Personal information
- Born: Martha García Mejía May 30, 1962 (age 64) Distrito Federal, Mexico
- Parent: Panchito Villalobos (father)
- Family: Johnny Villalobos (brother); Bobby Villalobos (brother);

Professional wrestling career
- Ring names: Martha Villalobos; La Muerte de la Barranca;
- Billed height: 152 cm (5 ft 0 in)
- Billed weight: 104 kg (229 lb)
- Trained by: Panchito Villalobos; El Enfermero;
- Debut: September 9, 1979
- Retired: 2011

= Martha Villalobos =

Mexican female professional wrestler

Martha García Mejía (born May 30, 1962) is a Mexican former professional wrestler best known under the ring name Martha Villalobos an active wrestling promoter, running a company named Reyes del Ring ("Kings of the Ring").

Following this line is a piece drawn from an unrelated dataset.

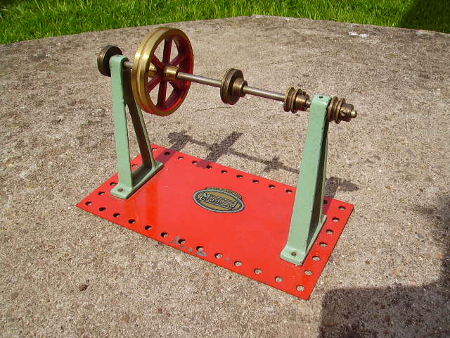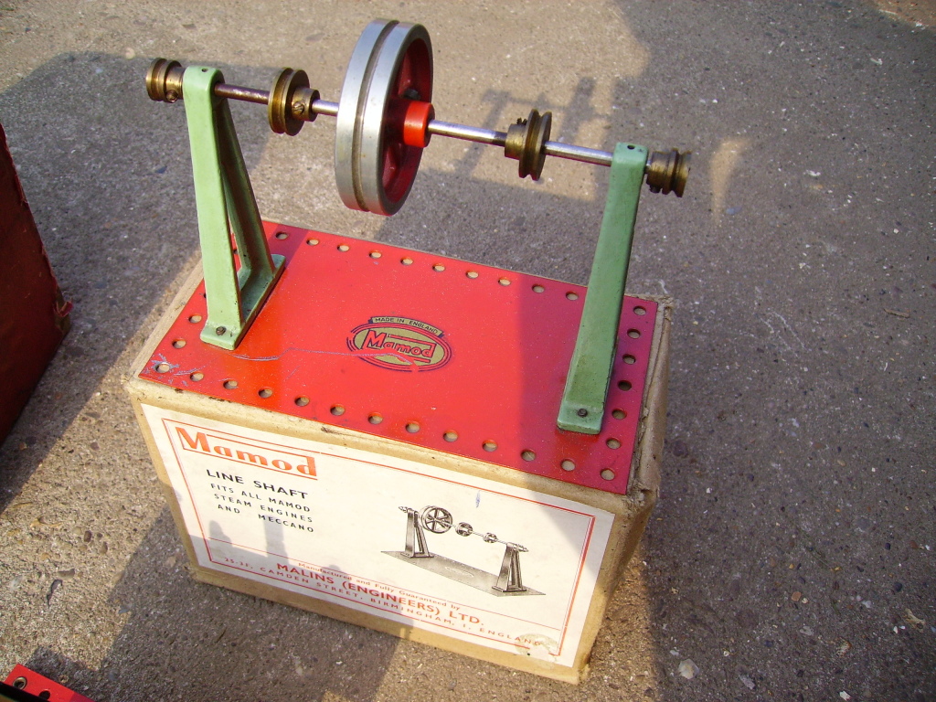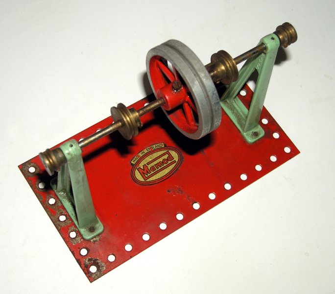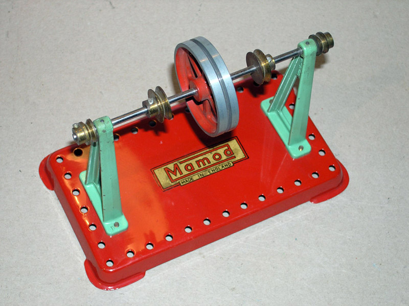 1953 Mamod flatbase lineshaft. This was the last of the line for the flat base lineshafts. It features the new mazak flywheel and pedestal supports along with the (then) new red oval decal. A rare combination which lasted for approximately one year.

She is the daughter of professional wrestler Panchito Villalobos and the sister of retired wrestlers Johnny and Bobby Villalobos. She is a former two-time Mexican National Women's Champion as well as holding the Mexican National Women's Tag Team Championship with Pantera Sureña while working for Consejo Mundial de Lucha Libre (CMLL). While working for AAA she won the AAA Reina de Reinas Championship twice, first by defeating Reina de Reina Esther Moreno and later by winning the 2003 tournament.

==Championships and accomplishments==
- AAA
- AAA Reina de Reinas Championship (2 times)
- Comision de Box y Lucha D.F.
- Mexican National Women's Championship (2 times)
- Mexican National Women's Tag Team Championship (1 time) – with Pantera Sureña
- Federacion Internacional de Lucha Libre
- FILL Women's Championship (1 time)
- Independent circuit|Local championship
- Northern Mexico Women's Championship (1 time)
- Mexico State Women's Championship (1 time)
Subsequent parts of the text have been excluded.